Of course you have a different IP address from '192.168.1.14'

INSaFLU website


$ sudo mkdir -p /usr/local/web_site
$ sudo mkdir -p /var/log/insaflu
$ sudo chown flu_user:flu_user /usr/local/web_site
$ sudo chown flu_user:flu_user /var/log/insaflu
$ cd /usr/local/web_site
$ git clone https://github.com/INSaFLU/INSaFLU.git
$ sudo pip3 install -r requirements.txt
$ cp .env_model .env

Edit the file ".env" and config all variables. Define also a backend to the email.

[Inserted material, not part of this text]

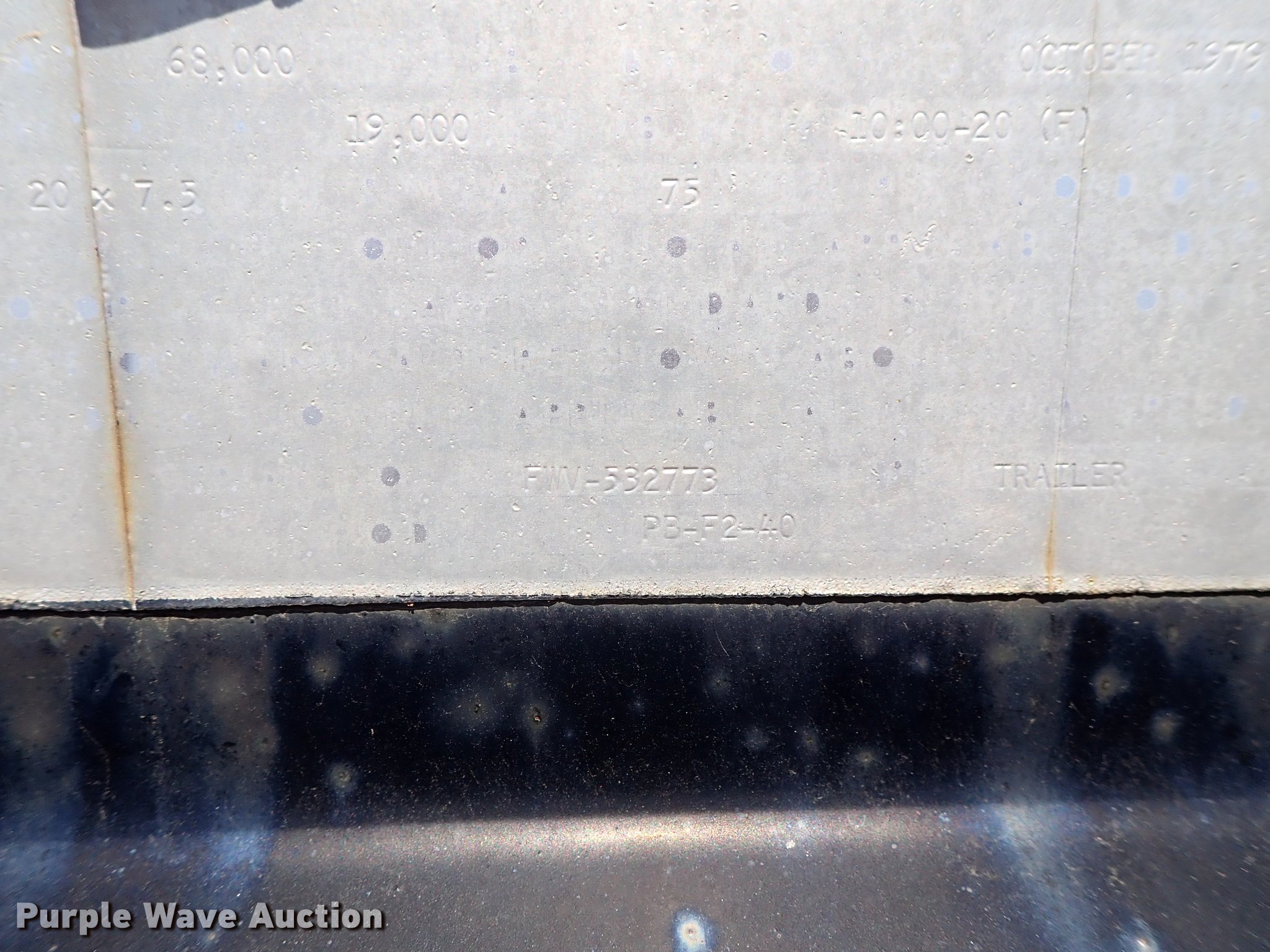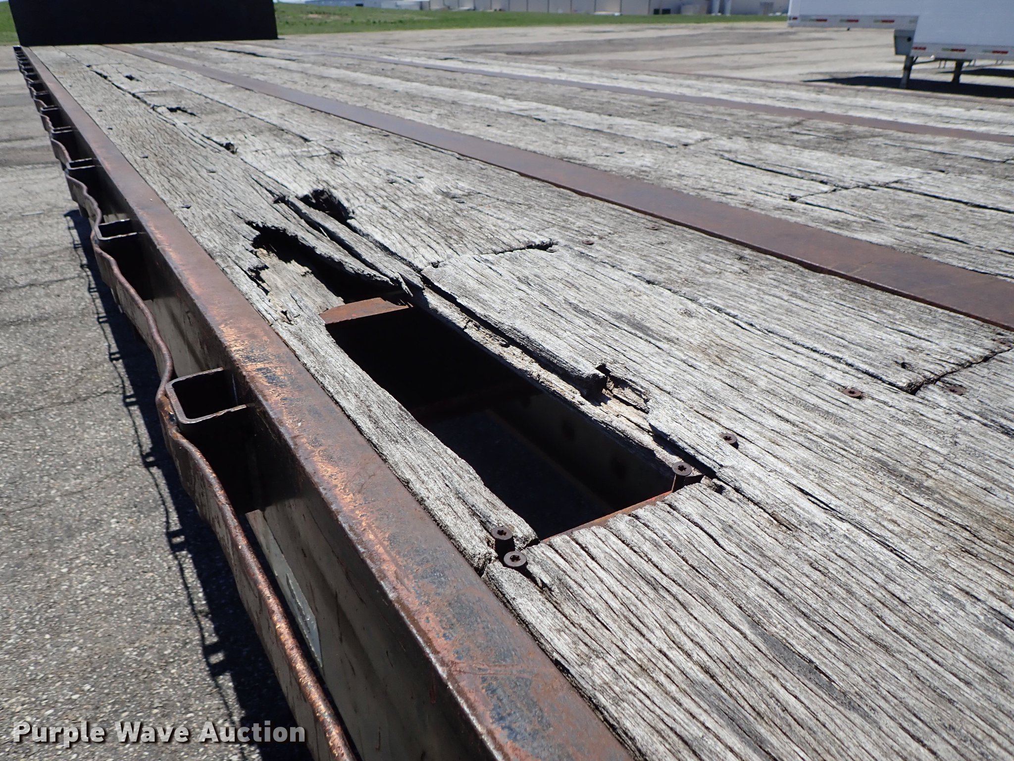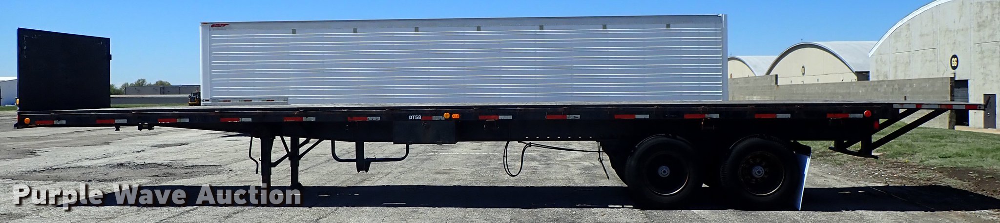 Purple Wave is selling a used Flat or Drop Deck Trailer in Kansas. This item is a 1980 Fruehauf flatbed trailer with the following: 44'L x 8'W overall, 40'L deck, 4'L rear platform, Wood deck, Fifth wheel plate, Dual leg landing gear, Spring suspension, Air brakes, Tandem axle, 10.00-20 tires, GVWR 68,000 lbs

I have defined a posix server.

To create the database

$ python3 manage.py migrate

To create a super user, it is going to be the administrator user account

$ python3 manage.py createsuperuser

To join all files, in "static_all" path, that is necessary to run the web site

$ python3 manage.py collectstatic

Test if all bioinformatic tolls are installed

$ cd /usr/local/web_site
$ python3 manage.py test constants.tests_software_names

Test everything

$ cd /usr/local/web_site
$ python3 manage.py test

⚠️ All tests must pass otherwise something is not working properly.

If all tests passed you can test immediately it is working:

$ cd /usr/local/web_site
$ python3 manage.py runserver

Go to your internet explorer and write the ip of the computer where the web site is installed ":8000". If it is in same computer can be "localhost:8000". If it is working let's go to install in a Apache web server. If you prefer, can be in a Nginx web server too.

Apache web server

###Config apache2 in Centos 7.X:

Add flu_user to the apache group and add insaflu.conf to apache2.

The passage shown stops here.